Speaking to reporters at the NATO headquarters in Brussels last week, Ukrainian Foreign Minister Dmytro Kuleba said he urged members of the military alliance to provide Kyiv with new air defenses. He singled out the US-made MIM-104 Patriot as “the best” of them because of its effectiveness at downing ballistic missiles.

“Patriots should now be deployed in Ukraine, so that later on they will not have to be used at least along the entire eastern flank of NATO,” Zelenskyy said in a Sunday address to the nation. He said that additional air defenses are needed around Kharkiv, which has fallen victim to unrelenting Russian attacks in recent weeks.

The future of US security assistance to Ukraine, however, remains in flux as Republican lawmakers maintain their blockade on around $60 billion in military aid. Western experts and officials have warned it is critical that Washington continues to arm Kyiv.
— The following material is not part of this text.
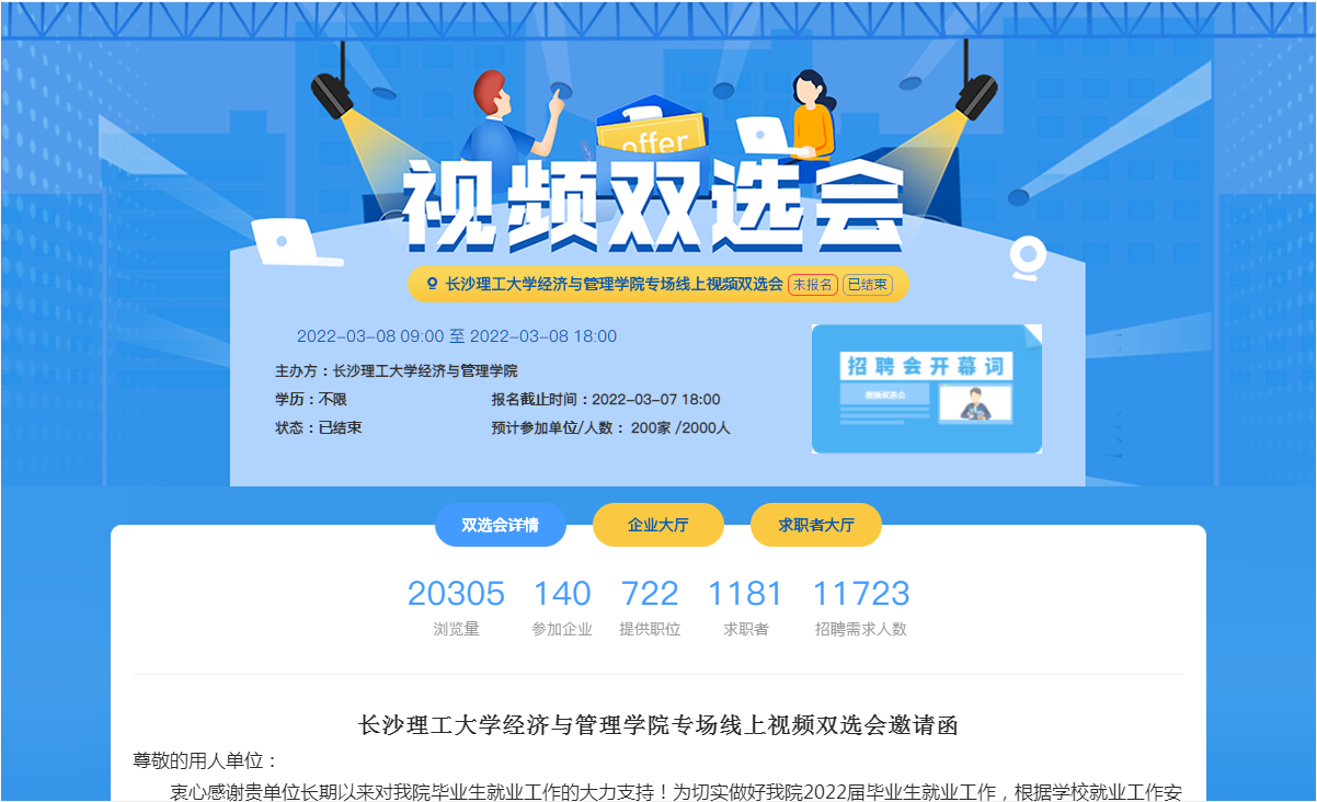 本次视频双选会共审核通过参会企业140家,涵盖制造业、金融业、房地产业、建筑业、信息传输、软件和信息技术服务业等多个领域,提供招聘岗位722个,多方位满足我院毕业生的就业需求。云就业平台数据显示本次视频双选会浏览总量为20246次,参与应聘的毕业生1181人,共投递简历1181份,一些同学通过视频面试与用人单位达成了就业意向。

For Zelenskyy, such Western support is imperative because he believes that Russian President Vladimir Putin will not put a stop to the onslaught until Ukrainian cities are left completely in ruin.

“If we don’t have air-defense systems and the appropriate long-range weapons to match Putin, he will destroy our country,” Zelenskyy said Tuesday. “This is what this war will look like: complete destruction, destruction of border areas, cities, villages, and so on.”

“He will destroy everything,” the Ukrainian leader said.